# Husband placed an ad..now what?



## blueheart (Aug 4, 2010)

Hi there, I have been struggling with this situation, and am looking for someone who has been here, is here, or who has some insight. I confirmed that my H has a current ad on a general site. One issue is the way in which I was able to confirm this, is that I happen to know his pw, and went into his emails and found suspicious emails. I then confirmed this by responding to his ad, with a ficticious person. (And yes, I am aware that by "sneaking" into his emails, was not right but I just had a feeling). The other part to this is, (and I am nervous to announce this), his add is directed towards engaging in new oral experiences with another guy. I can also confirm that he has emailed back and forth to someone but I do not know if it has gone any further than that. Our marriage and sex life has not changed, (other than from the honeymoon period), and in fact is rather amazing, as we are a blended family raising 5 children, working f/t and still find our fabulous time together. I was surprised to see how many married men are looking to have similar discreet experiences, why is this? Is this considered cheating? I am unable to confront him, due to how this was found out, so until the time comes (as I do believe that secrets don't always remain secrets), that something spills, how do I possibly look at him w/o knowing what is going on, until that time? Trust, will it be the same? And if he responds to my ficticous email, I was planning on turning the tables around and letting him know, that in fact, I am a wife who happened to find out what her husband is up to and give him a piece of my mind (which would make me feel somewhat better), or should I just not respond at all? I am just rather confused by the entire situation...especially if he understands what could possibly happen if/when this secret is known. 
Thanks....BH


----------



## HappyHer (Nov 12, 2009)

Being bi-curious is no reason to cheat. 

Confess to your husband what you have done and have a good heart to heart, obviously when the kids are far away. He may or may not have cheated at this point, although his ads and emailing are crossing the line very quickly.

As he is looking for male on male action, he may feel deep shame, embarrassment or a whole set of other issues, so tread lightly. 

Let him know that you are NOT okay with this behavior and ask him to delete all his accounts and remain open to allowing you check from time to time to assure yourself of his fidelity and loyalty to you. 

If he agrees, then all's well that ends well, if he doesn't, well that's a horse of a different color. Either way you may want to request some couples counseling so you can fully work through all this.


----------



## nice777guy (Nov 23, 2009)

This is cheating. Don't let it go any further. Tell him what you know. You were only "snooping" because you knew he was hiding something - that's totally normal and you did nothing wrong.


----------



## 827Aug (Apr 27, 2008)

I agree with the other posters on this one--he is cheating. I applaud how you tracked this down. You may want to exchange a few e-mails with him before you blow your cover. By doing so, you can learn more about his intentions.

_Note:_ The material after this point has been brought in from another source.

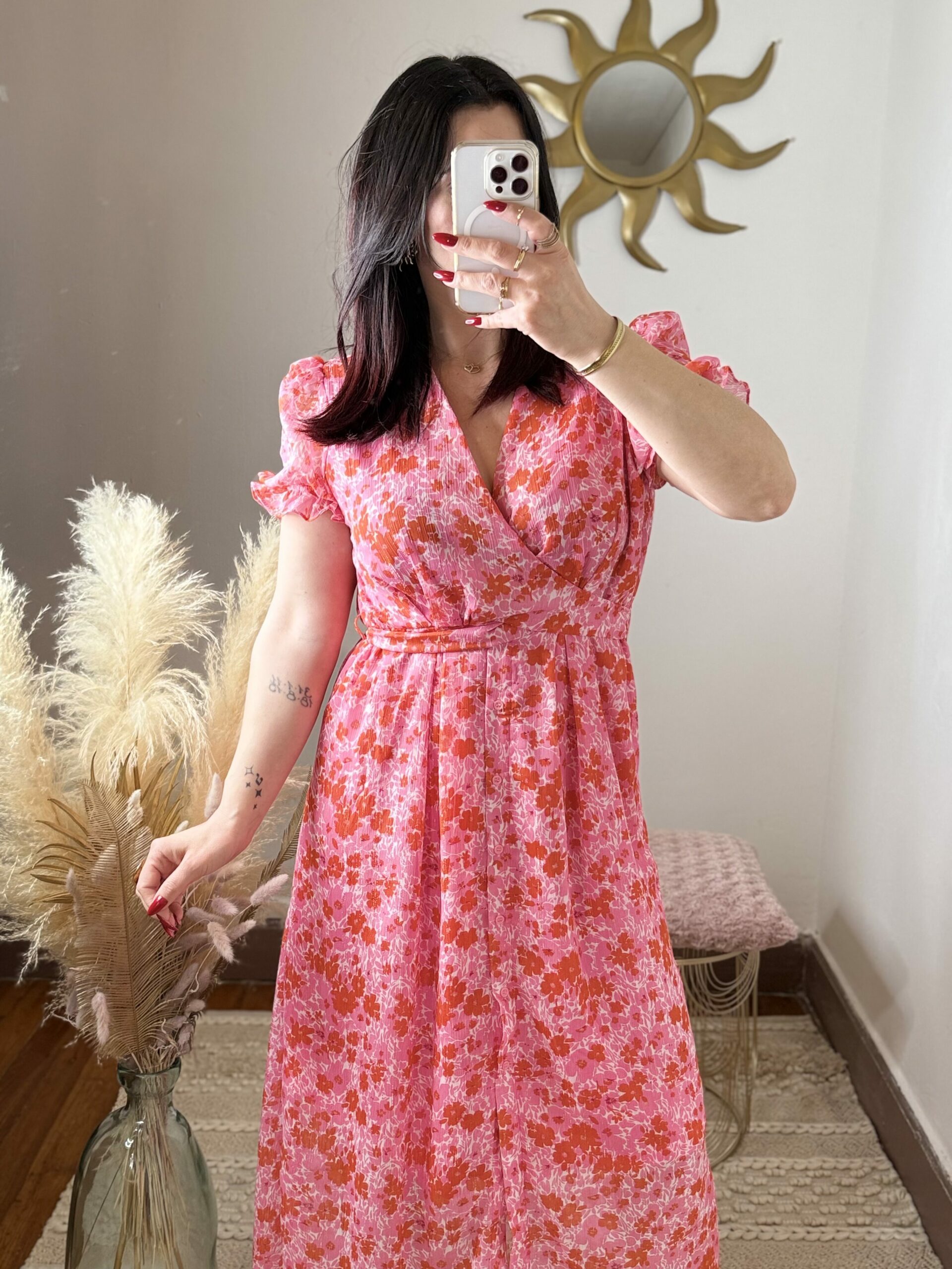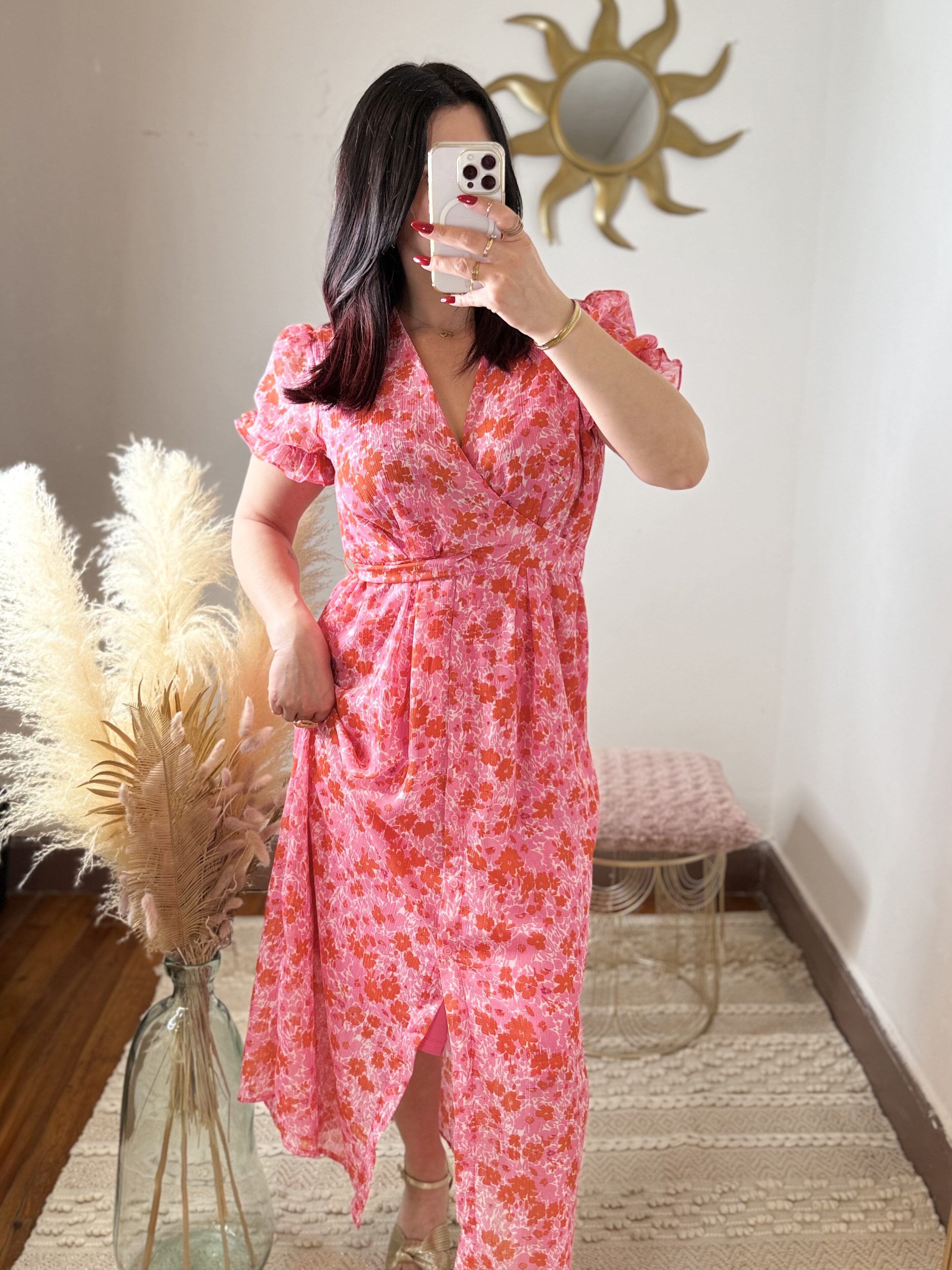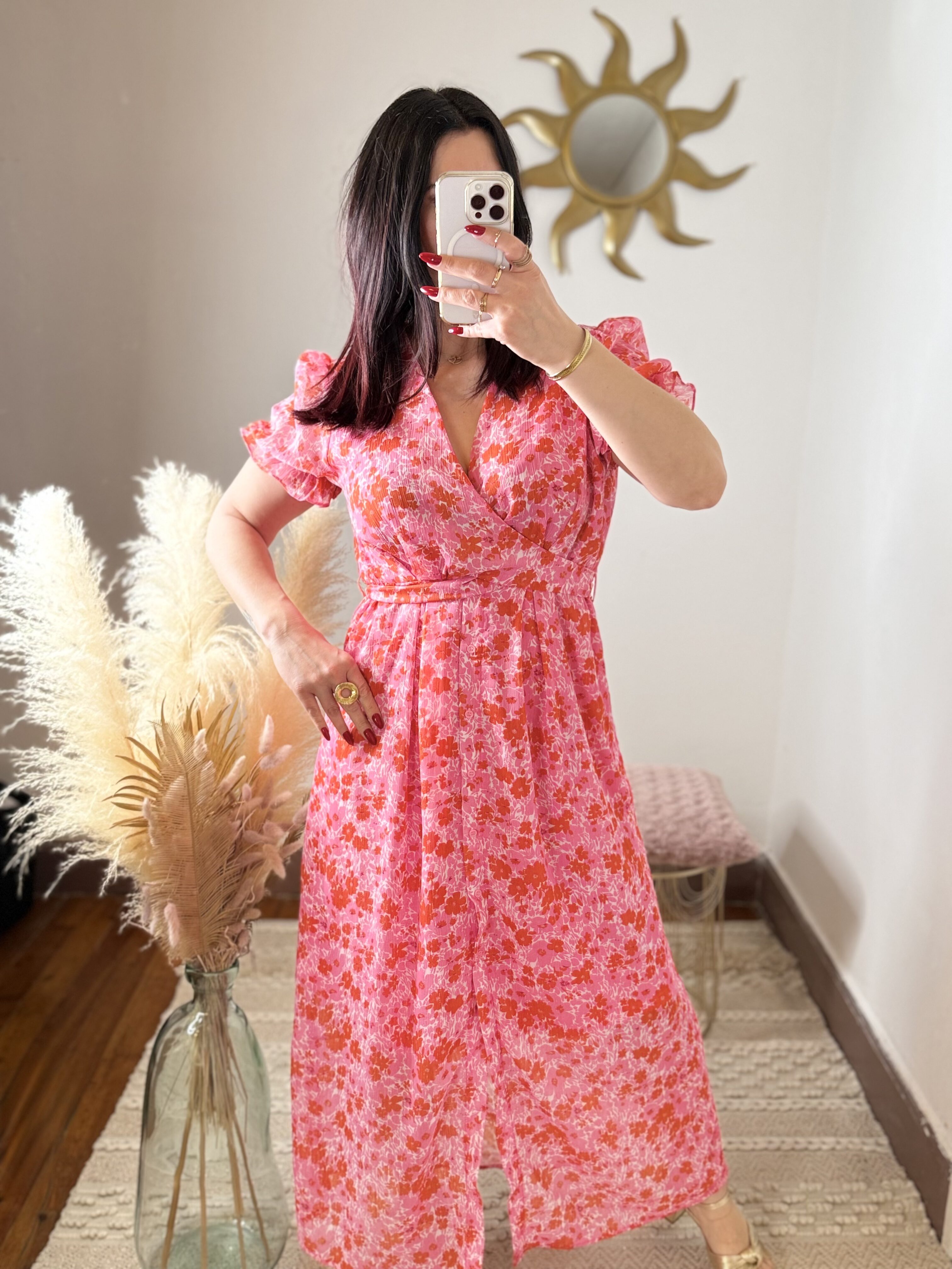 Avec son imprimé floral rose et rouge lumineux, cette robe attire immédiatement le regard et sublime la silhouette. Son décolleté croisé façon cache-cœur met délicatement le buste en valeur tandis que la taille marquée structure la silhouette avec élégance.

And keep copies of those e-mails. Once you confront him, he is going to try to minimize what he did. I learned that cheaters do a lot of lying and blaming. You want to have this air tight when you confront him--no wiggle room.

Next, do not be apologetic for snooping. He created doubt in your mind, so he can blame himself for that. Besides he may be jeopardizing your health!


----------



## nice777guy (Nov 23, 2009)

827Aug said:


> do not be apologetic for snooping. He created doubt in your mind, so he can blame himself for that.


But be prepared for a totally irrational conversation. Its rare that people will accept responsibility for the trouble they've caused. He'll likely pull every trick in the book to make you think its your fault for snooping. Stay strong - the real issue is what he was doing or trying to do.


----------



## justonelife (Jul 29, 2010)

I was in a sort of similar situation a couple of years ago. Do not feel bad about checking his emails (unless this is something you do regularly and without cause). I strongly believe that a spouse _knows_ when something is up and has a right to do a little snooping. I don't snoop on my H now because I don't feel like I have to, but when I did snoop it was because I was feeling very strongly that something was wrong and I've learned to follow those hunches because they are usually correct.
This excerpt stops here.